To mitigate the burden associated with heart failure (HF), primary prevention is of the utmost importance. To improve early risk stratification, advanced computational methods such as machine learning (ML) capturing complex individual patterns in large data might be necessary. Therefore, we compared the predictive performance of incident HF risk models in terms of (a) flexible ML models and linear models and (b) models trained on a single cohort (single-center) and on multiple heterogeneous cohorts (multi-center).
In our analysis, we used the meta-data consisting of 30,354 individuals from 6 cohorts. During a median follow-up of 5.40 years, 1,068 individuals experienced a non-fatal HF event. We evaluated the predictive performance of survival gradient boosting (SGB), CoxNet, the PCP-HF risk score, and a stacking method. Predictions were obtained iteratively, in each iteration one cohort serving as an external test set and either one or all remaining cohorts as a training set (single- or multi-center, respectively).

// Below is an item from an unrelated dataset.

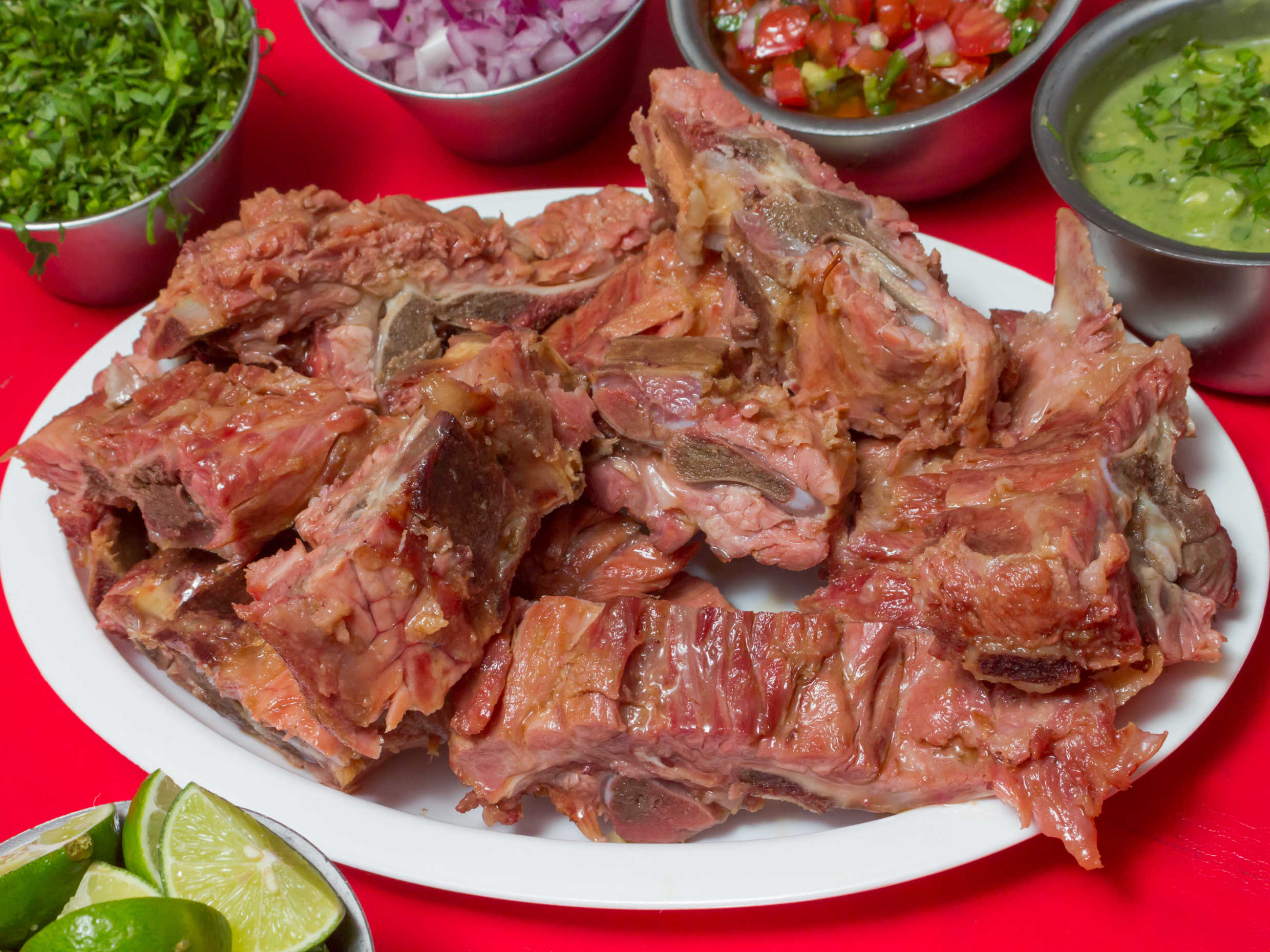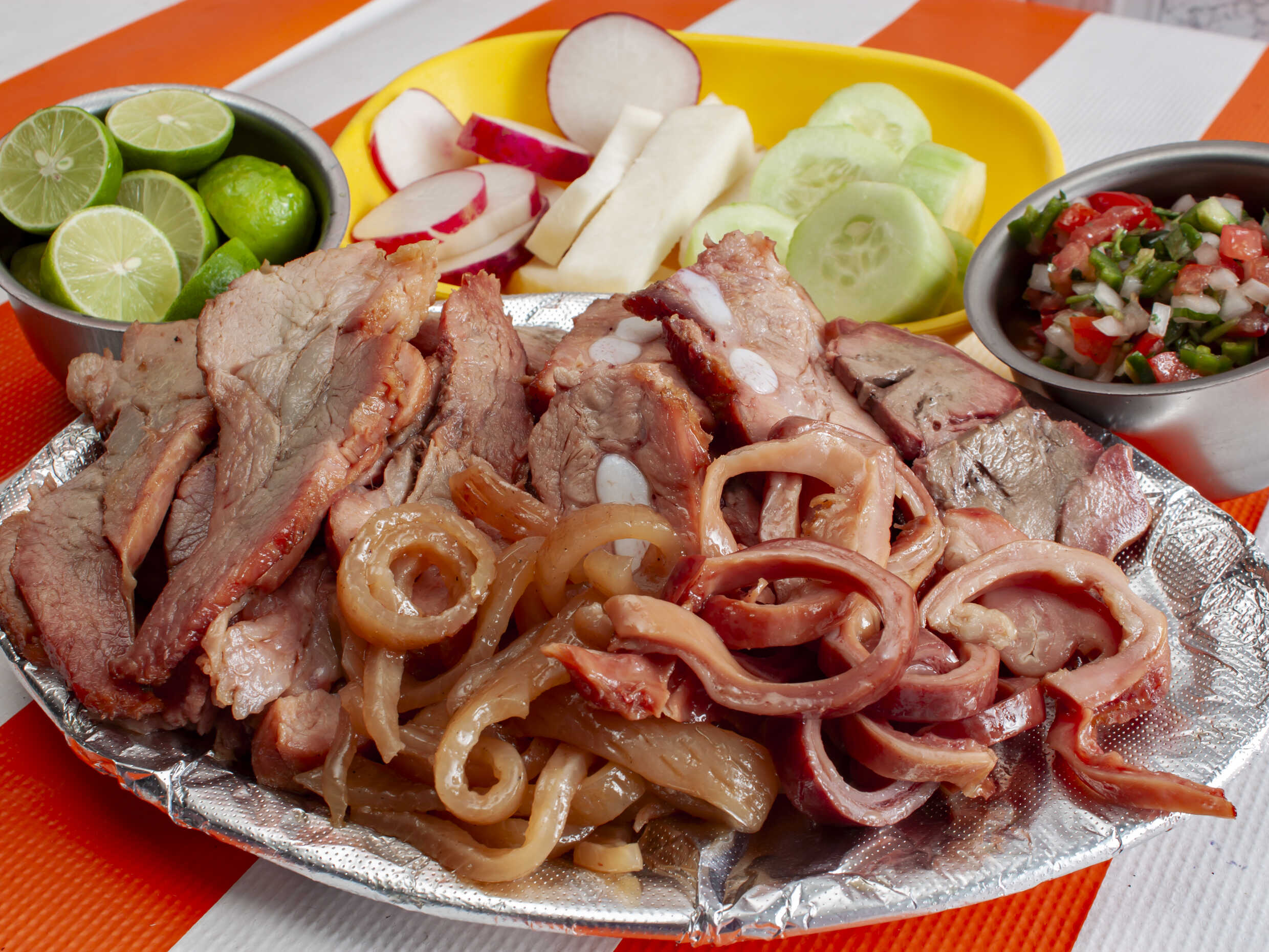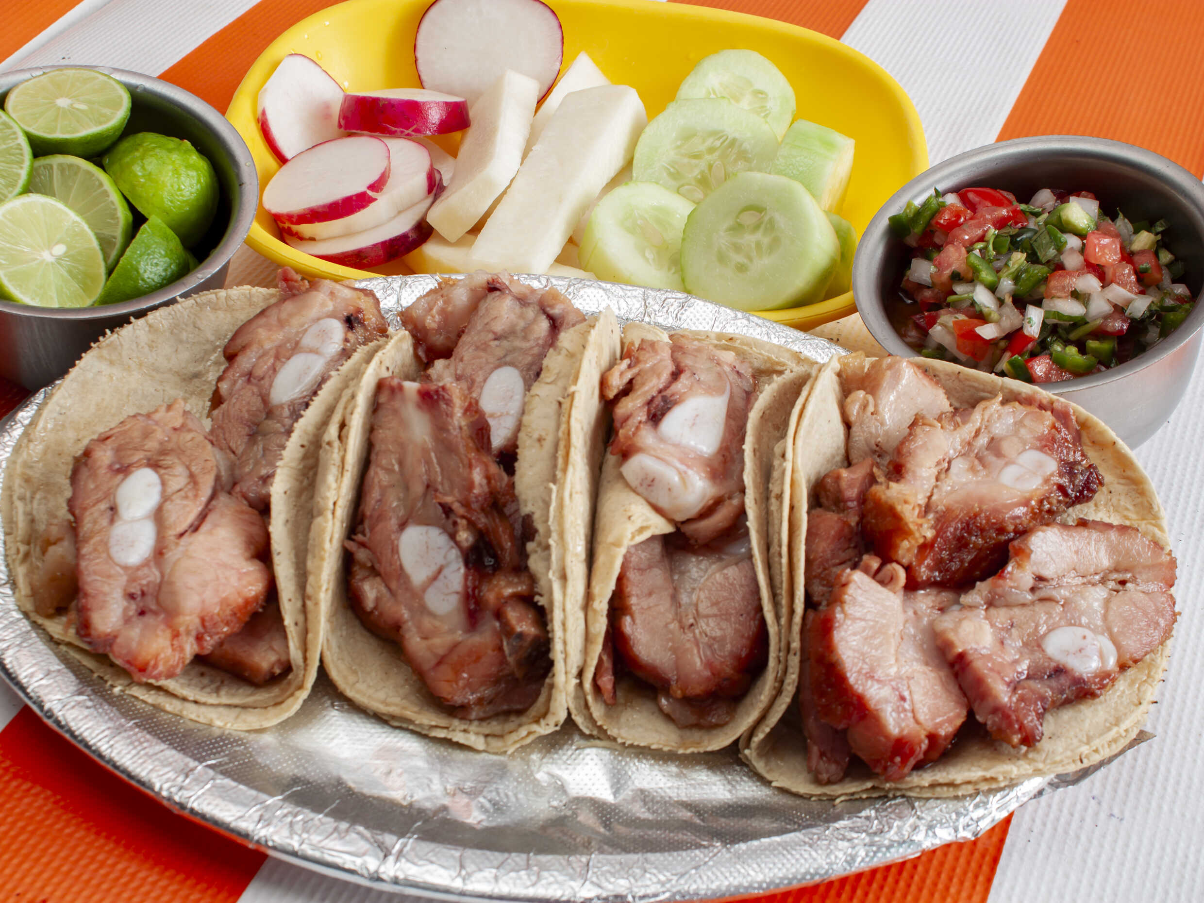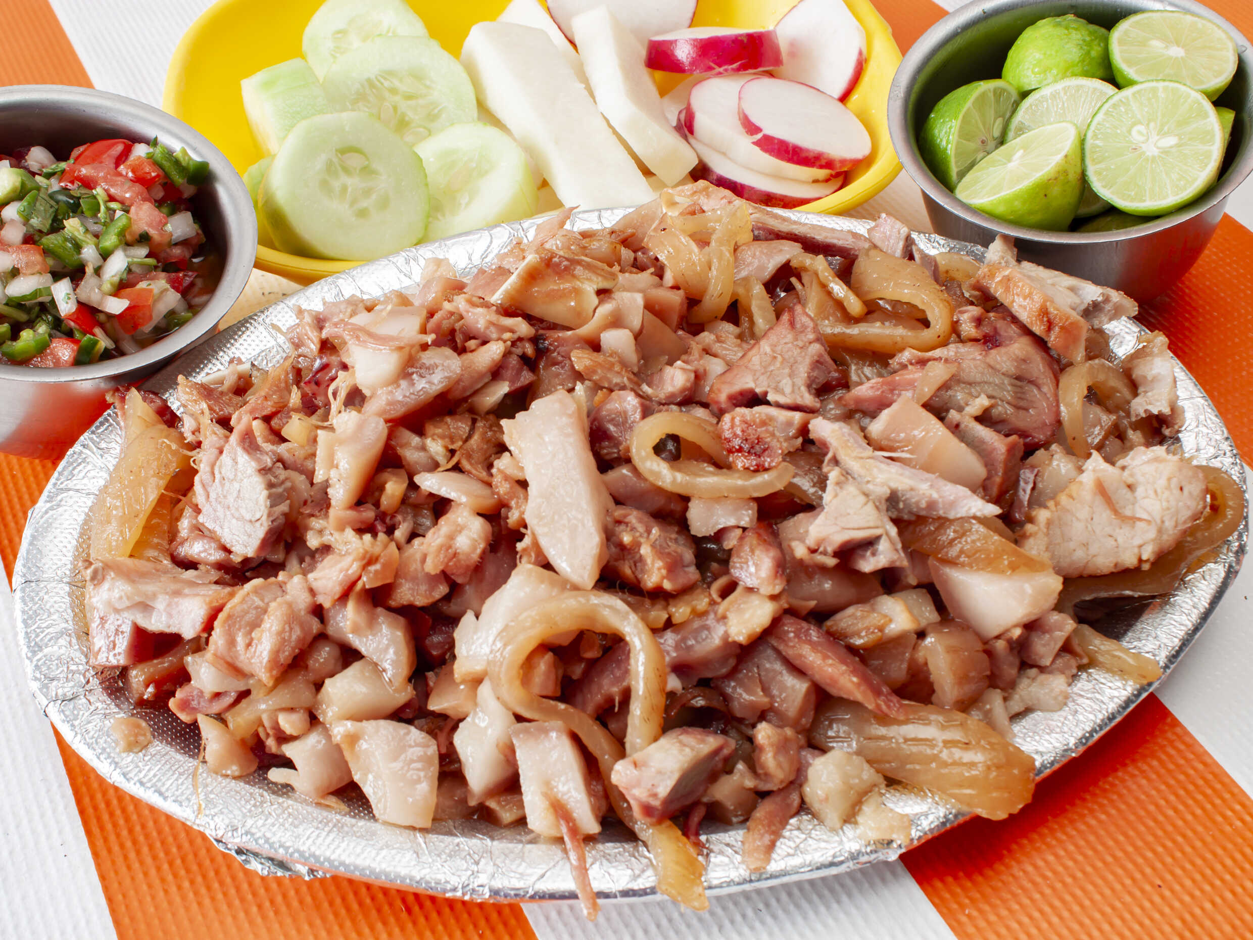 Acompañado de jícamas, pepino, rábanos y tortillas.

Overall, multi-center models systematically outperformed single-center models. Further, c-index in the pooled population was higher in SGB (0.735) than in CoxNet (0.694). In the precision-recall (PR) analysis for predicting 10-year HF risk, the stacking method, combining the SGB, CoxNet, Gaussian mixture and PCP-HF models, outperformed other models with PR/AUC 0.804, while PCP-HF achieved only 0.551.
With a greater number and variety of training cohorts, the model learns a wider range of specific individual health characteristics. Flexible ML algorithms can be used to capture these diverse distributions and produce more precise prediction models.